TERRE HAUTE — Nancy Grace is small in stature, but huge in her role as victim’s advocate on national television.
The 5-foot-1-inch host of her own CNN show put many people behind bars forever while she served on the prosecutorial side of the U.S. justice system.
“Nancy Grace,” airs at 8 p.m. on CNN Headline Prime. Grace also hosts a live daily trial coverage program on CourtTV from 3 to 5 p.m. weekdays.
With passion and through tears, Grace spoke to a packed house Tuesday night at Indiana State University’s Tilson Auditorium. Nearly 1,000 people attended the event.
Grace talked about people’s responsibility to answer to a call of duty — to do the right thing when faced with a decision.
“Will the call come to you to do something extraordinary? Will you hear that call? Will you answer it? That call will come to you,” Grace said, “like it or not.”

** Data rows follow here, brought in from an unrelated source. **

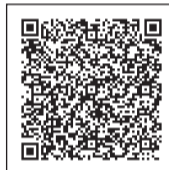
▲パソコン・スマートフォン用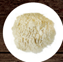
СОЯ (МУКА) СОЕВОГО БЕЛКА ЭКСТРАПРОТЕИН 210 Р/КГ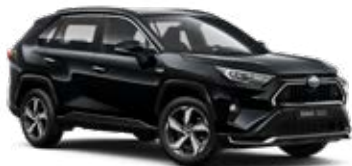
218 Attitude Black lakier metalizowany 2 900 PLN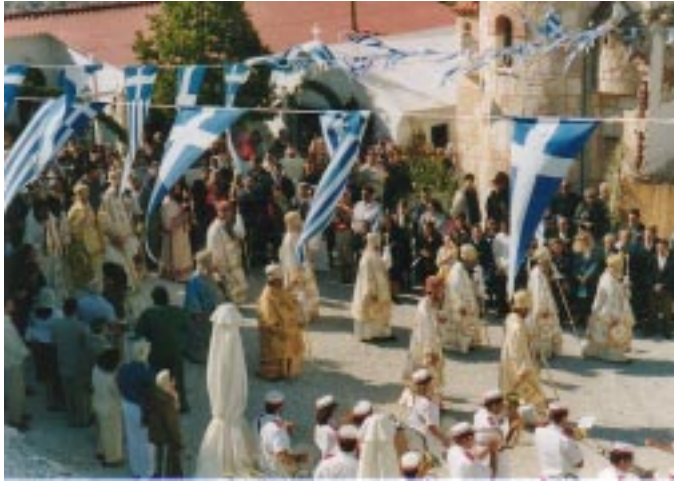
Heliga Kyprianos och Justinas festdag i Fili oktober 2001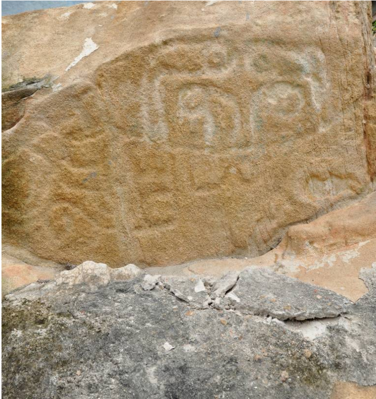
照片 10：覆蓋在石刻底部的水泥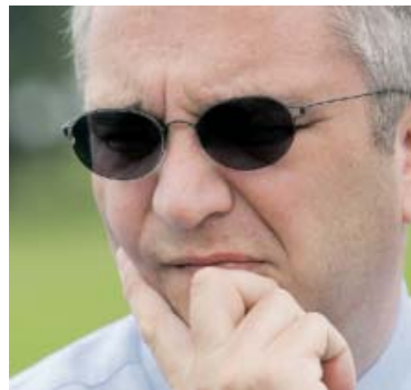
Pas un jour ne passe sans nouvelles révélations mettant en cause le fils cadet du Roi. Cette fois, c'est le colonel Vaessen, lui-même inculpé de fraude et ancien conseiller du Prince, qui balance dans la presse flamande.

Besoin d'un fumoir dans votre établissement ?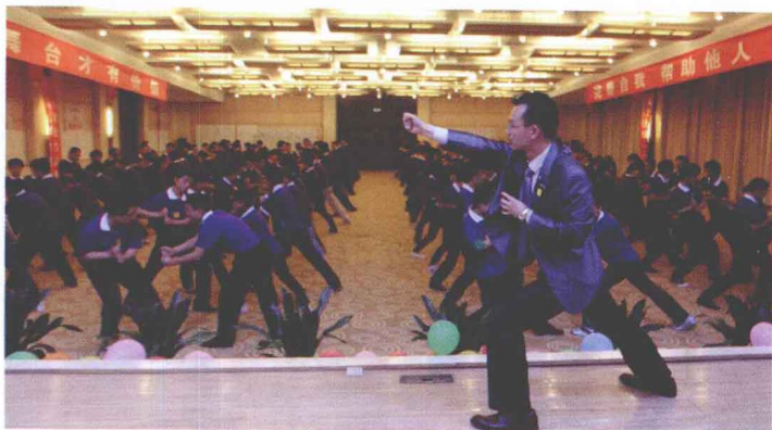
▶ 聊城鑫泰机床有限公司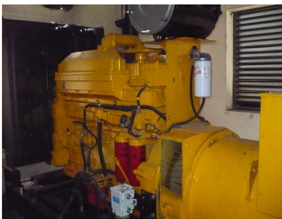
Planta Back Up Master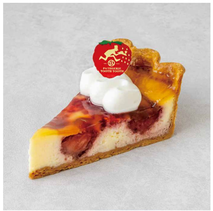
シャベロン 딸기가 들어간 베이크드 치즈 케이크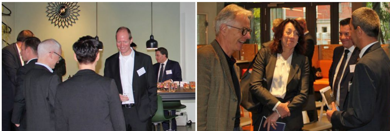
Austausch im Vitra Showroom

begründete die Fokussierung mit dem Potential des Nasdaq 100, der die 100 größten Nasdaq-Unternehmen umfasst, die nicht zum Finanzsektor zählen. Er enthalte global agierende, höchst innovative Unternehmen – weit mehr als die allgemeine Konzentration auf große, hoch bewertete Titel wie Facebook, Amazon und Apple nahelegt.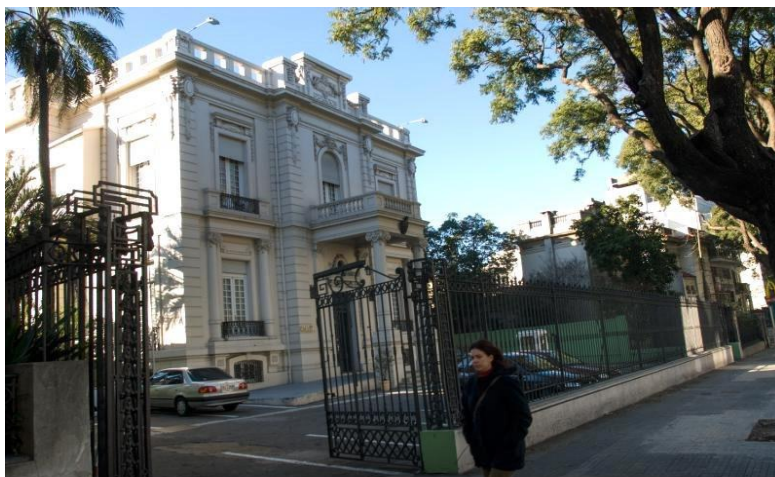
Imagem 9 – Sítio de Memória Ex-SID

permaneceram sequestrados na sede do SID, onde sofreram torturas e, posteriormente, foram desaparecidos. Durante esse período, também foram mantidas em cativeiro pelo menos três crianças, filhos dos presos políticos, uma delas nascida no local. Hoje, o imóvel tombado abriga a instituição nacional de defesa dos direitos humanos e também um museu.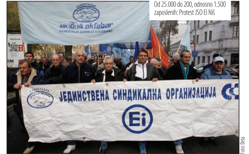
Od 25.000 do 200, odnosno 1.500 zaposlenih: Protest JSO EI Niš

više nisu mogle da se vrane na nekadašnje pozicije. Samo neke od njih mogu ponovo da postanu konkurentne, ali su za to potrebne investicije ili strateška partnerstva, ističe Ljubić i naglašava da se najveće nade polažu u reindustrijalizaciju i podseća da je pret-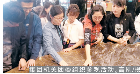
集团机关团委组织参观活动。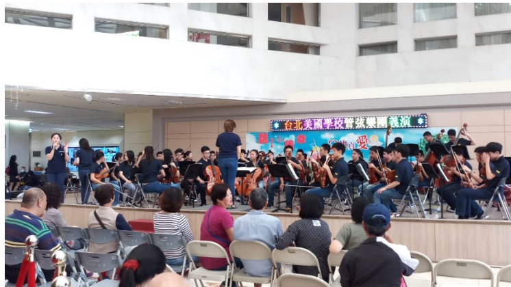
「臺北美國學校」管弦樂團義演

六、中午 12 時於中正樓 1 樓大廳，社會工作室舉辦管弦樂團愛心慈善演奏會，由「臺北美國學校」演出。(活動)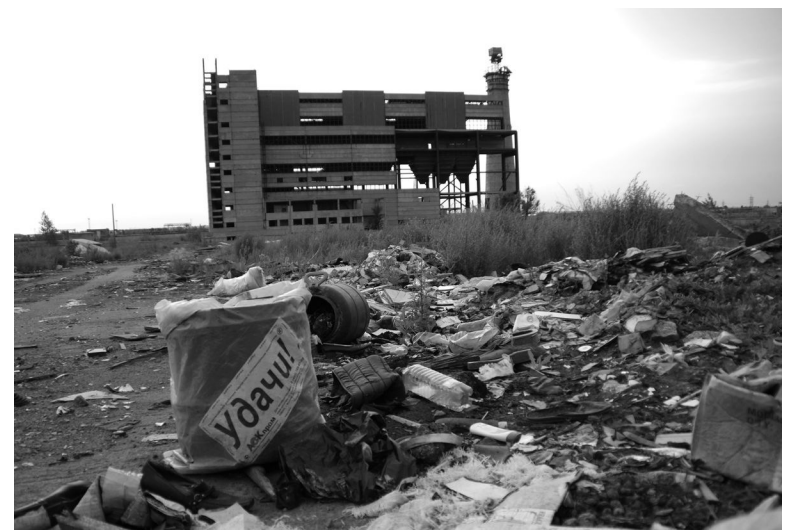
Такие «пейзажи» на Украине встречаются все чаще

Состояние в социальной сфере красноречиво характеризуют и такие данные. Как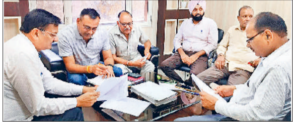
यमुनानगर के कृषि विभाग के उपनिदेशक कार्यालय में जांच करती मुख्यमंत्री उड़नदस्ते की टीम।

विभाग के अधिकारियों ने यूरिया तस्करी करने वालों को फायदा पहुंचाने के लिए सैपल जांच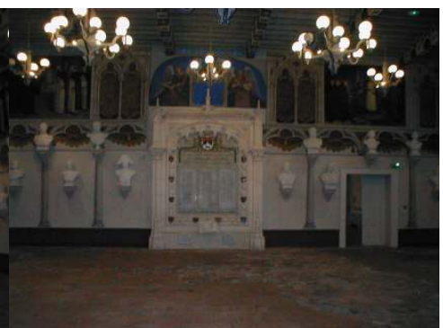
La Salle des Illustres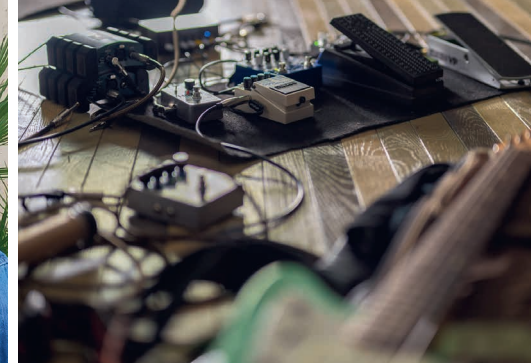
Setup para Nepenthes .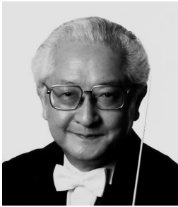
秋山和慶 (指揮) KAZUYOSHI AKIYAMA (Conductor)

1941年生まれ。アメリカ響音楽監督、バンクーバー響音楽監督(現在桂冠指揮者)、シラキュース響音楽監督、東京響音楽監督・常任指揮者、大阪フィル首席指揮者、札幌響首席指揮者/ミュージック・アドバイザーを歴任。これまでにサントリー音楽賞、芸術選奨文部大臣賞、大阪府民劇場賞、大阪芸術賞中国文化賞(広島)をはじめ、東京交響楽団とともに毎日芸術賞、京都音楽大賞、モビル音楽賞を受賞。2001年紫綬褒章、2011年旭日小綬章を受章。2014年度文化功労者に選出、また中国文化賞(広島)、徳島県表彰特別功労賞を受賞、2015年渡邊暁雄音楽基金特別賞を受賞。現在、東京交響楽団桂冠指揮者、広島交響楽団音楽監督/常任指揮者、九州交響楽団首席指揮者/ミュージック・アドバイザー、中部フィルハーモニー交響楽団アーティストック・ディレクター/プリンシパル・コンダクター、洗足学園音楽大学教授。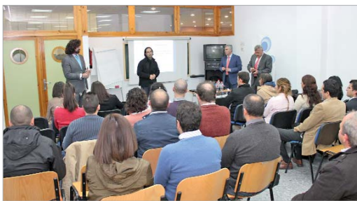
El seminario tuvo lugar en el Centro de Formación 'Juan Pérez Mercader'.

Así, durante la primera hora los participantes recibieron información sobre la aplicación del nuevo régimen fiscal, las operaciones sujetas a él, el devengo del impuesto en las facturas expedidas, las obligaciones formales de los destinatarios de las operaciones o la contabilidad del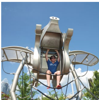
Sonderausführung, Foto © Daniel Perales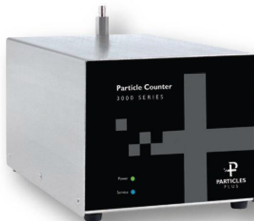
б) серия 3000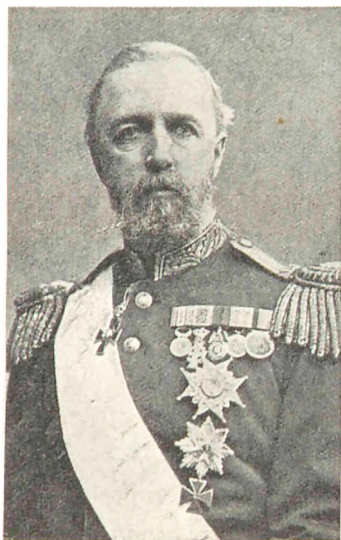
Kong Oscar II.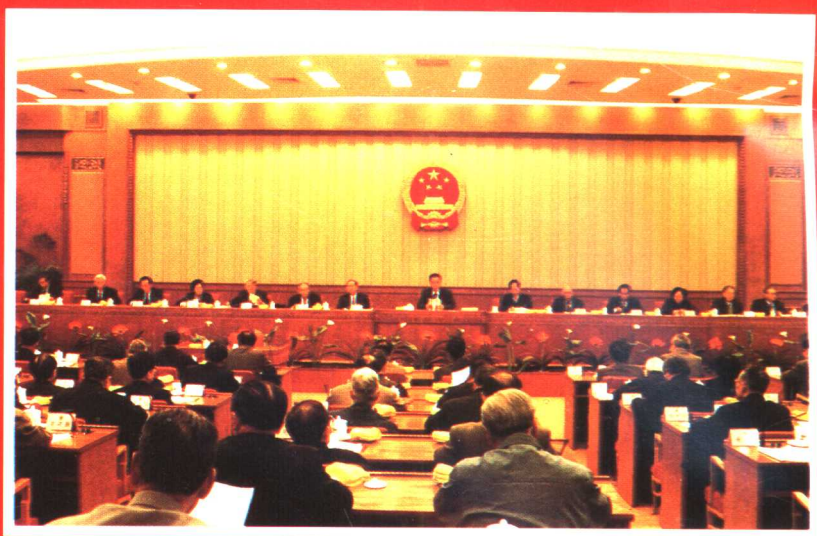
●九届全国人大常委会全体会议审议《证券法》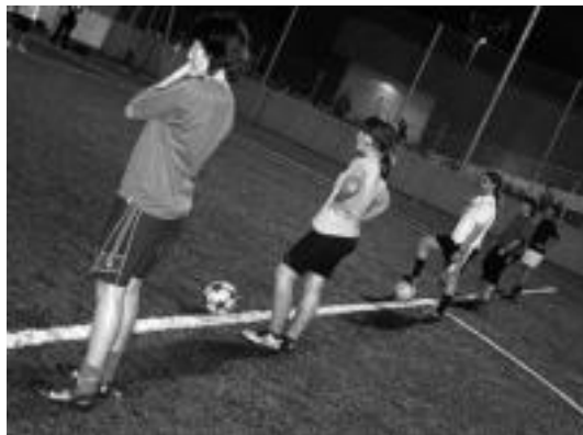
Lan saioetako batean, neskek entrenatzaileen aginduei adi. I. ETXEBESTE

Astean hirutan elkartzen dira Tolosa CFkoak Usabalen. Astelehenetan eta asteazkene-tan denak joaten dira lan saio-etara, eta ostiraletan «fitxa dugunak baino ez». Izan ere, 25 jokalarietatik 19k soilik dute partiduetan zelaira ateratzeko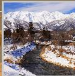
"HAKUBA OIDE PARK"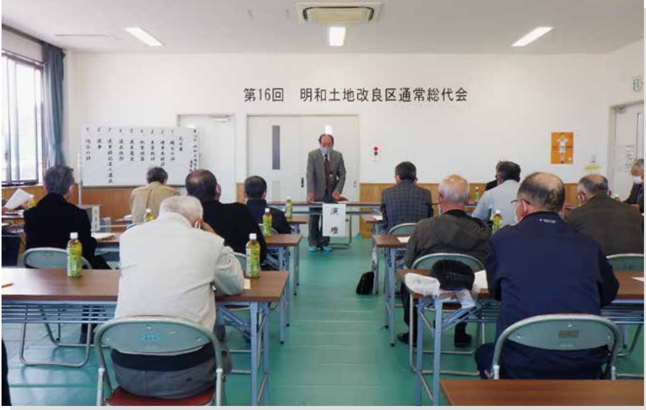
写真：第16回 通常総代会（明和町担い手センター）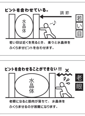
ヨシダ門司港店 鮎川 浩一

人間の眼は近くを見る時、眼球の形を膨らませて近くピントが合うような仕組みを無意識に行なっているのですが、残念な事にこの「ピントを合わせる仕組み」が年齢とともに徐々に衰え始めてくるのです。「えっ?!そんなに早い年齢で老

Grace’s call came to her after the murder of her fiancé, Keith, she said. He was shot five times in the face, neck and back. Grace testified at his killer’s trial. Afterward, she remembered seeing Keith’s bloody clothes on the defense table.
She paused, she said, and looked into the eyes of the defendant and the defense attorney. Both, she said, dropped their heads after receiving her gaze.
She walked out of the courthouse and remembered hearing the sound of her cowboy boots hitting the floor as her life seemingly stopped.
“The world did keep going. The world did keep coming,” Grace said, as tears glistened and fell on her cheeks. “The only thing it changed — was me.”
It took Grace days before she could even drink a sip of water, she said to a silent, still audience.
She went on to earn her law degree at New York University and worked her way into a courtroom.
Once there, she remembering thinking, “This is not what I signed up for. Why am I here?”
Grace discovered that she wanted to be the voice for victims of crime, because they had no voice in that status.
“The justice system,” Grace said during an interview with a news reporter, “is a test of truth born out of controversy and determined by one’s perception.”
The biggest problem [with the system], she said, “is its biggest asset — the people.”
She attributed this fault to prosecutors who don’t care and “sleazy” attorneys.
“It’s a creation of human foils,” she added.
Speaking to the audience, Grace said heroes are born when people put themselves before others, such as her mother did.
When she was a young girl, Grace was sitting by a tree in the red Georgia dirt, clueless about the rattlesnake that had coiled up behind her.
Grace’s mother hurriedly walked toward her. With a gardening hoe in hand, she pulled back and struck the snake just below its head. This made her mother a hero, Grace said.
Years later, her mother was elated when Grace announced she was quitting the practice of law. She bought Nancy a ring with three rows of diamonds.
The stones represented three murder victims who were ultimately the reason she quit — to devote her time to advocate for victims.
Spectator Kathleen Padget of Terre Haute came to listen Grace’s speech and bought her latest book, “Objection!” for Grace to autograph.
“She’s very outspoken,” Padget said. “She says it how it is and her life is interesting.”
Ginny Black traveled from Danville, Ill., to hear what Grace had to say.
“It’s her personality I admire,” Black said. “It’s her vibrancy. She tells it like it is, and I just love that. I love her joy of life.”